# Bumping clarification



## nvilletele (Dec 16, 2014)

Just seeking a clarification.

The classifieds rules appear to allow bumping after two months:
“You may not bump posts in the classifieds or vendors section until at least two months at which point you may bump or request deletion in order to relist.”​
But a later post in the rules section states:
“Due to blatant disregard of the NO BUMPING rule, the following will take place:

1. First offense, the ad will be deleted with a warning left in its place.
2. If the offender does it again, their access to the Marketplace will be revoked.”​
To my mind, this latter mention of a “No Bumping“ rule does not affect the permissibility of bumping after (every?) two month period. So may I assume we can still bump every two months? 

Thanks.


----------



## extradarcafe (Dec 7, 2008)

Bump


----------



## bandmommy (Jul 4, 2007)

I think a bump every 2 months would be acceptable if it were to reduce the price or throw in a little something extra with the sale item. 
Bumping just to bump might lead to the second set of rules.


----------



## swperry1 (Aug 14, 2010)

bandmommy said:


> I think a bump every 2 months would be acceptable if it were to reduce the price or throw in a little something extra with the sale item.
> Bumping just to bump might lead to the second set of rules.


Aren’t you a mod? OP’s not looking for an opinion… What’s the actual rule?


----------



## bandmommy (Jul 4, 2007)

Excuse me. Some of the rules are a little confusing even for me, who's only been a moderator for a few months. 
If you don't like my 'opinion' you can contact SteveS for clarification. He's our Administrator.


----------



## nvilletele (Dec 16, 2014)

Under the current rules, there is already specific express mention of price reductions, etc. as being exempt from the current No bumping rule.

There is also direct separate mention that bumping every two months is ok in the current rules.

the latter mention of the No bumping rule to my mind simply relates to punishment for violation of the (current) rules, and does not modify the rule permitting bumps after two months (from the last time bumped). 

I think the wording is clear but still thought clarification would be helpful, so I asked.


----------



## swperry1 (Aug 14, 2010)

bandmommy said:


> Excuse me. Some of the rules are a little confusing even for me, who's only been a moderator for a few months.
> If you don't like my 'opinion' you can contact SteveS for clarification. He's our Administrator.

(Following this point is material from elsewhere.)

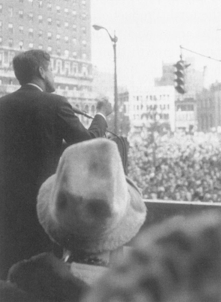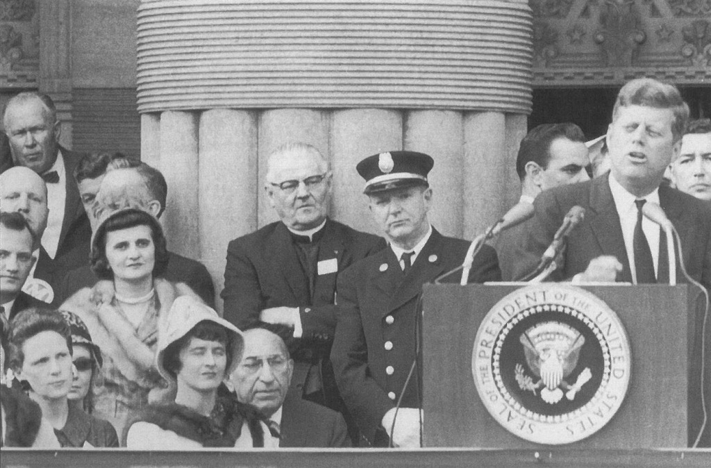 The President gives an impassioned Pulaski Day speech from the steps of Buffalo City Hall, October 1962.

Just pointing out a reality: we have mods that don’t know the rules. Have to assume mods are still unpaid even though the site draws revenue. Nothing against you or anyone else except the owner of the forum these days.


----------



## bandmommy (Jul 4, 2007)

nvilletele said:


> Under the current rules, there is already specific express mention of price reductions, etc. as being exempt from the current No bumping rule.
> 
> There is also direct separate mention that bumping every two months is ok in the current rules.
> 
> ...


That would be my interpretation of the rule as well. 
I apologize for not being 'on top' of every forum rule. Generally my duties are deleting objectionable posts and busting newbs trying to buy/sell outside of the marketplace. 
If you need a more definitive answer SteveS would be the guy to ask.


----------



## Tranechaser (Jun 12, 2015)

Why all the rules? Because we’ve always done it that way and we don’t want to evolve!


----------



## PigSquealer (Dec 27, 2017)

The rules were made to keep the saxophone community decent and honest here. Harry wanted it that way to keep people from exploding the site. Honest people with honest product fairly priced don’t need to bump. Someone honestly looking will look.…all the way down the listings. 
There are plenty of other places to list items (with & without fees) and join the rat pile.


----------



## Dr G (Feb 2, 2003)

Tranechaser said:


> Why all the rules? Because we’ve always done it that way and we don’t want to evolve!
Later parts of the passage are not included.